Consider a typical safety critical system installed in an industrial process, such as an overpressure protection system. Such a system may consist of a pressure transmitter, a logic unit (ie a computer) and some final elements. This simple system meausres the pressure  and transmits it to the computer, typically over a hardwired analog connection. The computer then decides if the system is within a safe operating region, or above a set point for stopping operation. If we are in the unsafe region, the computer tells the final element to trip the process, for example by flipping an electrical circuit breaker or closing a valve. Reliability standards that include software development requirements focus on how development is going to work in order to ensure that whenever the sensor transmits pressure above the threshold, the computer will tell the process to stop. Further the computer is connected over a network to an engineering station which is used for such things as updating the algorithm in the control system, changing the threshold limits, etc.

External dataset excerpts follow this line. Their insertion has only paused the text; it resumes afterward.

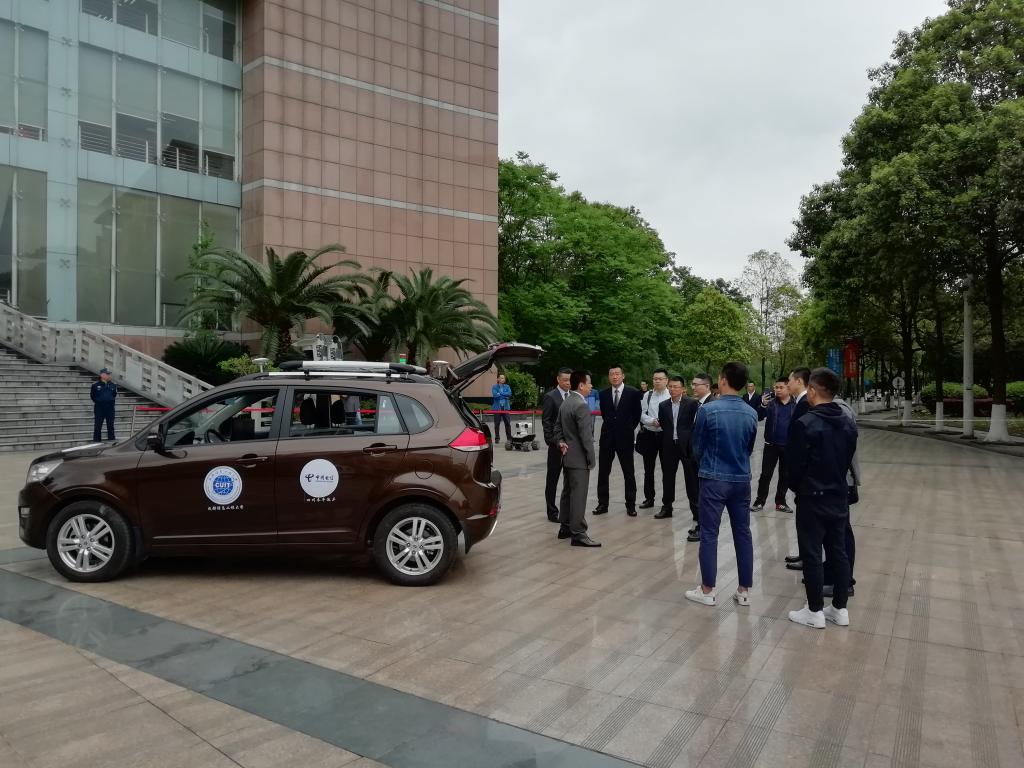 在签约仪式和启动仪式开始前,控制工程学院蒋涛院长团队研制的无人驾驶汽车和巡检机器人进行了动态展示,部分领导试乘了无人驾驶汽车,反响强烈。据了解,本次参加展示的车辆是该团队研制的第一代和第二代无人驾驶汽车,第一代无人驾驶汽车基于燃油汽车平台,是西南地区第一辆无人驾驶汽车,而第二代无人驾驶汽车则基于纯电动汽车平台,在去年科博会上引起广泛关注。无人驾驶汽车作为5G应用的理想领域之一,将成为我校与中国电信成都分公司战略合作以及5G应用示范校园建设的重点领域。
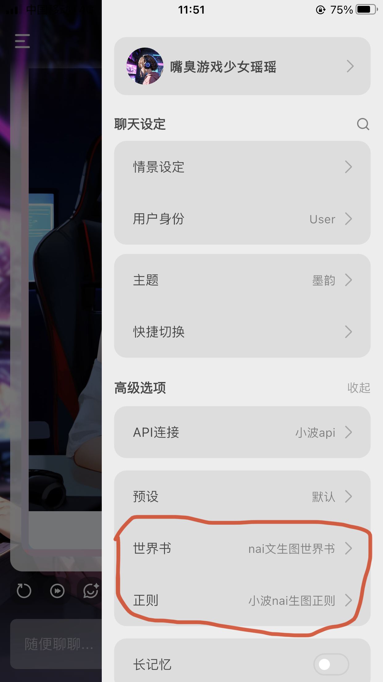 5.绑定世界书和正则
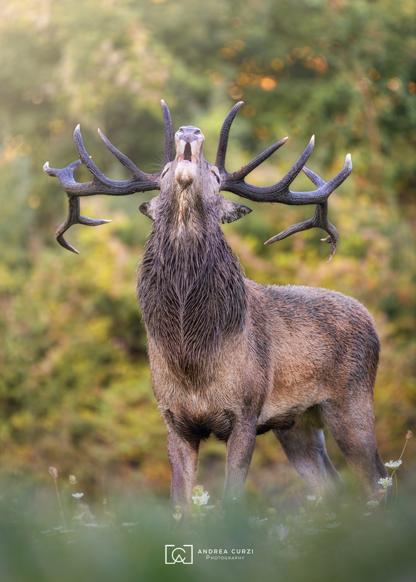 Strong composition, with the stag’s bellow framed against soft, warm foliage. The light on the antlers and neck adds a raw, natural presence.
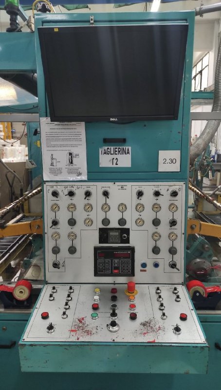 | Knives | 7 single circular blades with pneumatic insertion mounted on a crossbar with linear guide 1 Group of Multiple counter knife mounted on a motorized shaft (fixing dowels with Allen key tool) 1 Safety optical barrier (Laserscan) to stop machine when entering at production speed. 1 Safety optical barrier to stop machine when entering at production speed in the nip-rolls area New CUTTING System (DELSAR Lame) installed in 2022 with excellent and sharp cut and easy/quick set-up in job change-over |
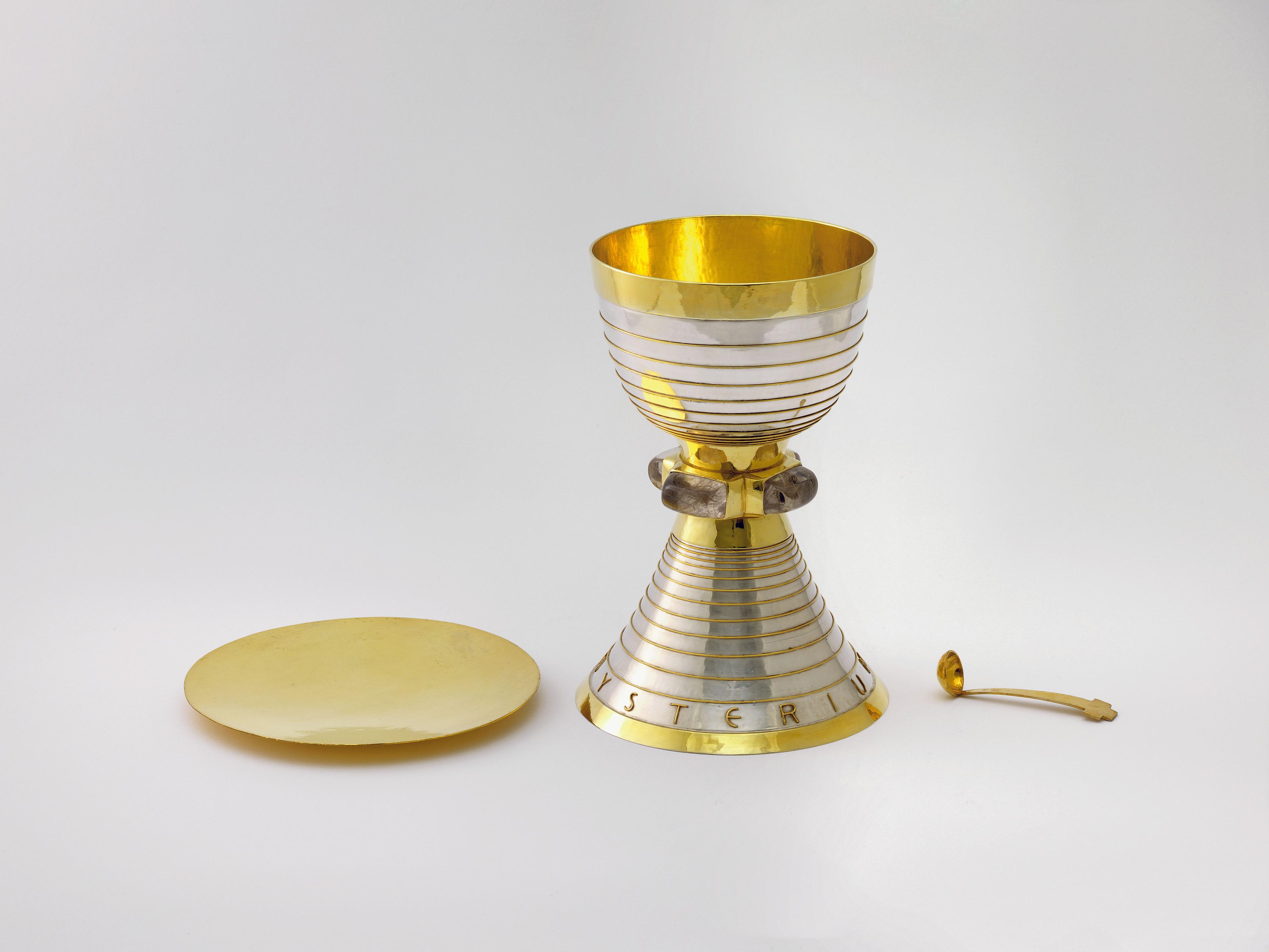 Kelch: Silber, handgetrieben, teilweise vergoldet, Bergkristalle / Patene: Silber, vergoldet / Löffel: Silber, vergoldet
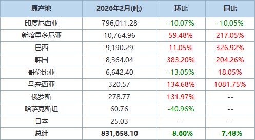 以下为根据中国海关总署官网数据整理的2026年2月镍铁进口分项数据一览表:
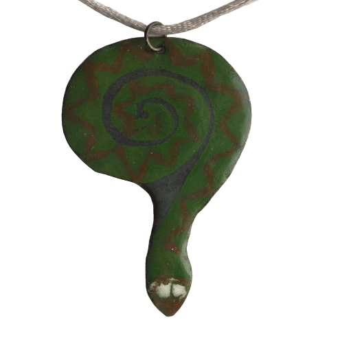 Smaltovaný had. Je navržený k zavěšení na delší šňůrce. Hodí se k šatům i tričku. Dodávám jej se saténovou šňůrkou ladící barvy.

What if someone wants to put the system out of order, without anyone noticing? The software’s access control would be a crucial barrier against anyone tampering with the functionality. Reliability standards do not talk about how to actually avoid weak authentication schemes, although they talk about access management in general. You may very well be compliant with the reliability standard – yet have very weak protection against compromising the access control. For example, the coder may very well use a “getuser()” call  in C in the authentication part of the software – without violating the reliability standard requirements. This is a very unsecure way of getting user credentials from the computer and should generally be avoided. If such a practice is used, a hacker with access to the network could with relaitve ease  get admin access to the system and change for example set points, or worse, recalibrate the pressure  sensor to report wrong readings – something that was actually done in the Stuxnet case.

In other words – as long as someone can be interested in harming your operation – your safety system needs security built-in, and that is not coming for free through reliability engineering. And there is always someone out to get you – for sports, for money or just because they do not like you. Managing security is an important part of managing your business risk – so do not neglect this issue while worrying only about reliability of intended functionality.